I can’t impose my standards on another person without souring my relationship or creating resentment? Wtf? :confused: All my kids whom I made to say “please” and “thank you” and take turns, besides making them be polite to their elders, not act out physically or emotionally in public, not allowing them to pick their noses or worse etc–this has caused them lifelong resentment and soured our relationship? Well, then, bring on the lemons. I’m all for it. That’s my job–I’m not their friend or their [del]enabler[/del] pal, I’m their mother.

How about all those patients I insisted get out of bed, despite their “pleas” not to? Or the ones who I instructed on the consequences of smoking before surgery (or eating)? Damn that RN behind my name, making people do what they don’t want to do. This is a bit much, no?

Fact is, we impose our standards on one another constantly–that’s part of being a social animal. Throughout this issue with #1 son, I have tried to compromise, to reach accord and to see his POV. He knows that. He also knows he is lazy about this kind of stuff and he can get overwhelmed once his room hits critical mass. It’s my job as a parent to not only instruct and impose standards, but also to teach negotiation and compromise. IMO, your experience, whatever it may have been, is coloring your reaction to this thread.

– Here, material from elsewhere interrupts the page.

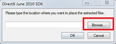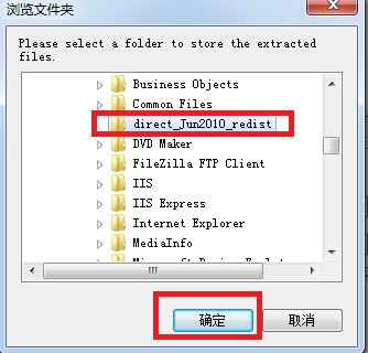 4) 點(diǎn)擊“Browse”,選擇解壓目錄文件夾(一定要方便查找的路徑,下面會(huì)用到,此處以direct_Jun2010_redist為例)

I’d get him the b-ball hoop for the waste basket, but he really hates sports. He has 2 laundry baskets: he was quite taken with the notion of one for clean and the other for dirty. That lasted less than a week–it’s an amalgam now. I have ceded him the laundry (as I noted in the OP). Someday he will discover that neat invention, the hanger. He has hooks–not used. I think the girl issue may well solve it, but he has not expressed an interest in bringing a girl home as yet. (please note the careful phrasing of that).

I can’t even get my wife to follow the “no food upstairs” rule. You people with kids are on your own.